Metal laser additive manufacturing (AM) is an important technology in the field of three-dimensional (3D) rapid prototyping [1]. It can directly convert a computer-generated 3D model into a physical model and has the advantages of high degrees of freedom [2] and high density [3]. At present, there are many mature metal laser additive manufacturing technologies such as selective laser melting (SLM) [4], selective laser sintering (SLS) [5], and direct energy disposition (DED) [6]. These technologies are based on continuous laser melting and point scanning mode, where the scanning point size is in the order of microns. However, when building a large sample, the processing speed is lower than that of traditional manufacturing technologies.

The manufacturing accuracy of metal powder laser AM is in the range of approximately 80–250 μm, which is lower than that of stereolithography [6,7,8]. Therefore, improving the printing accuracy is a crucial research area. It is well known that the thermal diffusion length of a laser is an important factor affecting the forming accuracy. The affected areas are typically composed of a fusion and a heat-affected zone [9,10]. The time scale of the continuous laser is large, hence, it has a higher temperature and longer diffusion length compared to the pulsed laser, resulting in a larger heat-affected zone [11], which has a strong effect on the resolution. Therefore, a technology of surface exposure (SE) additive manufacturing of metal powder with short pulses is expected to improve the construction rate and resolution. Matthews reported a new AM method based on diodes and layer-by-layer printing by coupling the light valve with a diode and pulse light [12].
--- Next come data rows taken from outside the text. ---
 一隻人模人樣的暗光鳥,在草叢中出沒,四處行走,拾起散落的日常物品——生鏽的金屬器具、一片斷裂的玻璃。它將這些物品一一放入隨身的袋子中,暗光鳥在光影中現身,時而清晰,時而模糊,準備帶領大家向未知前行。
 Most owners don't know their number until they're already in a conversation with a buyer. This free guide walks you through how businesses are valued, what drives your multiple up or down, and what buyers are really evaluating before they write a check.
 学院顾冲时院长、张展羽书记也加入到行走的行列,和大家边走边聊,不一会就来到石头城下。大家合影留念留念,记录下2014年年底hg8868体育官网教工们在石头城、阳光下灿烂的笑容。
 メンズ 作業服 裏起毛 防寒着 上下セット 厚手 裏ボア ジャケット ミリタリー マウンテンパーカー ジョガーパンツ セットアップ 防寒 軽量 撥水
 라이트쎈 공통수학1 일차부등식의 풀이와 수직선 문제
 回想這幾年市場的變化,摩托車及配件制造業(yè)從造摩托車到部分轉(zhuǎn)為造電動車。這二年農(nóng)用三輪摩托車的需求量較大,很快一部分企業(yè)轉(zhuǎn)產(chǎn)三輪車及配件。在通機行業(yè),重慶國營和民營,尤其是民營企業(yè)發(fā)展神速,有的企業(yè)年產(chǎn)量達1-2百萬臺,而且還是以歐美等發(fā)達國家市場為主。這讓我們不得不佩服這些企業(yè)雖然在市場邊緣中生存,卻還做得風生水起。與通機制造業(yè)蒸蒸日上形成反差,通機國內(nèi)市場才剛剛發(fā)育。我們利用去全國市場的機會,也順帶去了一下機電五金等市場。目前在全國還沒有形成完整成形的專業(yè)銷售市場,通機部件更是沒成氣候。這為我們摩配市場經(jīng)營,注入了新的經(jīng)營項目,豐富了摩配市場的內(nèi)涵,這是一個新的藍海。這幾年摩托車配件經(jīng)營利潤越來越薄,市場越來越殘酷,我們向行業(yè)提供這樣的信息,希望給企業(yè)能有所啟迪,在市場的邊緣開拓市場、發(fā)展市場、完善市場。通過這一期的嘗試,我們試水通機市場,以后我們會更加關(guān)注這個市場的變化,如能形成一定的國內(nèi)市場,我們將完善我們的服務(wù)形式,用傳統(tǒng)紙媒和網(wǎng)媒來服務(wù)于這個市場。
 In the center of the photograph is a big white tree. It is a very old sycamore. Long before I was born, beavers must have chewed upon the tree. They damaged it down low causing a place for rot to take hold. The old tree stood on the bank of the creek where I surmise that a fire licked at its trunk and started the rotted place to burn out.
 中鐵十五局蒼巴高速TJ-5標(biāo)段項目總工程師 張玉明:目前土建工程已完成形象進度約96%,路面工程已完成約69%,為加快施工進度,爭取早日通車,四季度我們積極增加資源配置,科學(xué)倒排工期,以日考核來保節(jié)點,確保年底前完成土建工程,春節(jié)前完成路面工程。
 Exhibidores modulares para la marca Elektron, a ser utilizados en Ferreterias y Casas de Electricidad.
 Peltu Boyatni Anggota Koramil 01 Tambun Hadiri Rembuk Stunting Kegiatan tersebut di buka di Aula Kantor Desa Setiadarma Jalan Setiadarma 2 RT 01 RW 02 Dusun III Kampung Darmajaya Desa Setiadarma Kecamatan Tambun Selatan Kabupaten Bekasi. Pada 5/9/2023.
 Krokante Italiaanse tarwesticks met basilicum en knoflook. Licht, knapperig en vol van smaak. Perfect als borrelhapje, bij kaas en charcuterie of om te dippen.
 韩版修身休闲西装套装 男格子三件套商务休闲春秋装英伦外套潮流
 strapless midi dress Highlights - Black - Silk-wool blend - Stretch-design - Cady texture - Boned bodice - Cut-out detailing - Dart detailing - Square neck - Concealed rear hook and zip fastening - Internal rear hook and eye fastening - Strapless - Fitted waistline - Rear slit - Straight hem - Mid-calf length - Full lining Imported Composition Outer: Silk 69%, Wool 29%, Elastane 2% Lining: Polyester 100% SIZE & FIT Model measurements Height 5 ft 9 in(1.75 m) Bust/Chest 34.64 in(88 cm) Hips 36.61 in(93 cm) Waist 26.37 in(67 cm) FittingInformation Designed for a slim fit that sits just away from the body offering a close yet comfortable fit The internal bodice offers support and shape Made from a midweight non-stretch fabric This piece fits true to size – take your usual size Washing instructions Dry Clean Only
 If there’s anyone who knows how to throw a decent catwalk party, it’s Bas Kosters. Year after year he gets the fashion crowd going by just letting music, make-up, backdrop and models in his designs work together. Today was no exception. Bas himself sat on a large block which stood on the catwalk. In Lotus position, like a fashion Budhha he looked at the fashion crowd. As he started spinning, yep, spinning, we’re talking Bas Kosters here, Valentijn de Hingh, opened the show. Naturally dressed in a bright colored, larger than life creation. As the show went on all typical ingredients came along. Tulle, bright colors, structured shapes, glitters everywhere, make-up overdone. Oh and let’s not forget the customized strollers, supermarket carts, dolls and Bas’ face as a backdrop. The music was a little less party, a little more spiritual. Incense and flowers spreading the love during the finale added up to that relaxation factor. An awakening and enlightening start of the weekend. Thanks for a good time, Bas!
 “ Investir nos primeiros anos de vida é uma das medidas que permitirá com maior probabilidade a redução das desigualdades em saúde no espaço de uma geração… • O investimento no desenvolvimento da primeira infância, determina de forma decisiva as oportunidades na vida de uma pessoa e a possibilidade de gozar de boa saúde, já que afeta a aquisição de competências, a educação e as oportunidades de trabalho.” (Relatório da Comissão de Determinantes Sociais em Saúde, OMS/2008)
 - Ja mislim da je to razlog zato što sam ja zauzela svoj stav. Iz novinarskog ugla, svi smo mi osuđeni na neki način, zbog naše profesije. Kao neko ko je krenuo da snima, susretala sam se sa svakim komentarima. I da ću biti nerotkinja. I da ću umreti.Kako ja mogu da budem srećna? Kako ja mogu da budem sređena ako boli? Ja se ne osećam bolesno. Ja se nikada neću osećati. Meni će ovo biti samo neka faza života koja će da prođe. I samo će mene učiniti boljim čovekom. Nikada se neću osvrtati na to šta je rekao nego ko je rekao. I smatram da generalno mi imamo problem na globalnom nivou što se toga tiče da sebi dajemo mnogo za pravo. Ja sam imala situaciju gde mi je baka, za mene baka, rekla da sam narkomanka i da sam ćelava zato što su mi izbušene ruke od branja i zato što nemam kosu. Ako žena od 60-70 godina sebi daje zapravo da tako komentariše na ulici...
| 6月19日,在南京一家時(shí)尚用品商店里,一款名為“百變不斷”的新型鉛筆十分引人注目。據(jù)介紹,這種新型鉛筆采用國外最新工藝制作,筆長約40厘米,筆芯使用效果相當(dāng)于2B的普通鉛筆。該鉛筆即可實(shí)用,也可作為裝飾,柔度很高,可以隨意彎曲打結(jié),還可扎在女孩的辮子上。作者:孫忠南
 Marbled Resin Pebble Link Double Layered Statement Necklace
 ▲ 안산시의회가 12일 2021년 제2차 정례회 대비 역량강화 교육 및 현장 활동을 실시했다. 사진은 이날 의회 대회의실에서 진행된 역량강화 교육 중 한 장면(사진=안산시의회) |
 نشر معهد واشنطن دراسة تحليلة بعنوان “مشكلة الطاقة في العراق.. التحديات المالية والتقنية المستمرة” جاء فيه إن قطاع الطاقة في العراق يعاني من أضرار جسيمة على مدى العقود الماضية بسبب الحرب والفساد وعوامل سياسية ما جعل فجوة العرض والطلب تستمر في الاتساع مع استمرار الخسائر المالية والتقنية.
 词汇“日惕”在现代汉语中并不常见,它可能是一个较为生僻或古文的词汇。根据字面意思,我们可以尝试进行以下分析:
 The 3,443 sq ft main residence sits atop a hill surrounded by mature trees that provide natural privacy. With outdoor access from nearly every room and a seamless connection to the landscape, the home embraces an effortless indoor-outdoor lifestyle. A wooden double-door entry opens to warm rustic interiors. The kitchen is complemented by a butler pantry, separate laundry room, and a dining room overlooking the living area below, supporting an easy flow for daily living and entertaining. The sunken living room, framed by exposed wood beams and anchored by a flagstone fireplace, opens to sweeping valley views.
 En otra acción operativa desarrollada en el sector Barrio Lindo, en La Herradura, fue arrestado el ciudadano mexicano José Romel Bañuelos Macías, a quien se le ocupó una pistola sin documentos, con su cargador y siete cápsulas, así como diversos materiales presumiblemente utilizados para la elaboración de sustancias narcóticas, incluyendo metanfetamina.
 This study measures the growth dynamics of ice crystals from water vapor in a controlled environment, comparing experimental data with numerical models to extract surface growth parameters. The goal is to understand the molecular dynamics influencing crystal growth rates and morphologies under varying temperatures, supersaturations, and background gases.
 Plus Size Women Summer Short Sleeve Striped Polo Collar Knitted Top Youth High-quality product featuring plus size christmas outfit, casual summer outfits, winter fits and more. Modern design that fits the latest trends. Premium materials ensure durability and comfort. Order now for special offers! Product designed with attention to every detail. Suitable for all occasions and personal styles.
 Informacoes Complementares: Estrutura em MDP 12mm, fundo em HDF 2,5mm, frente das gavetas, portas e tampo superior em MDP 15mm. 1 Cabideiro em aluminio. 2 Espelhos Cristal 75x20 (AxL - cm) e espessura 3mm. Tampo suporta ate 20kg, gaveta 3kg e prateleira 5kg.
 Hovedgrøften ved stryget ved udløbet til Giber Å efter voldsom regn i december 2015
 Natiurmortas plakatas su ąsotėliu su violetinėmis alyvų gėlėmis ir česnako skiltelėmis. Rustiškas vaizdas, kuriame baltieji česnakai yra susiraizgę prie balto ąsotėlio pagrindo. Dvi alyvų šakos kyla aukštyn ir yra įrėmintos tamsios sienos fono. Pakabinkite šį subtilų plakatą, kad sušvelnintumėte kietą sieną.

Previously, our research group had developed a light-emitting addressable liquid crystal spatial light modulator with a high damage threshold, which has been used in several laser systems to realize beam pre-shielding [13,14], homogenization, and other functions [13]. Recently, the damage threshold of this device can reach 521 mJ/cm². Based on this, we designed a 3D additive manufacturing scheme for SE technology and verified the feasibility of the scheme using tin material and a pulse light source with a pulse full width at half maximum of 8 ns. The resolution of the formed metal was also analyzed.

2. System Design of 3D Additive Manufacturing Scheme of SE

The principle of the SE AM is to print layer-by-layer. When irradiated by a single-pulse laser, the powder on the actual layer is melted. After that, the powder is laid again by the scraper, and the metal powder is melted and formed after being irradiated by the other laser pulse. This step is repeated continuously until the entire sample is formed. In this section, we mainly focus on the construction of the entire optical system used for the SE technology. As shown in Figure 1, the optical system is composed of a short-pulse laser, an optical transmission system, an optically-addressed spatial light modulator (OASLM), and a vacuum tube. The short-pulse laser was provided by Keamtech (China), and it had a wavelength of 1064 nm, full width at half maximum of 8 ns, frequency in the range of 1–10 Hz, and a nearly flat top output laser beam profile. The laser was expanded to 27 mm (1/e²) through a pair of concave–convex lenses. Then, it was transmitted through a soft-edge aperture to meet the optical aperture of OASLM, which is 22 mm × 22 mm. Finally, the lens pair and mirror relayed the modulated beam to the printing plane. Lenses with different focal lengths can be used to achieve different beam-reduction ratios. In this experiment, the expansion ratios were 3. A vacuum tube without a pinhole filter was used to prevent air breakdown due to the high energy density at the focal point.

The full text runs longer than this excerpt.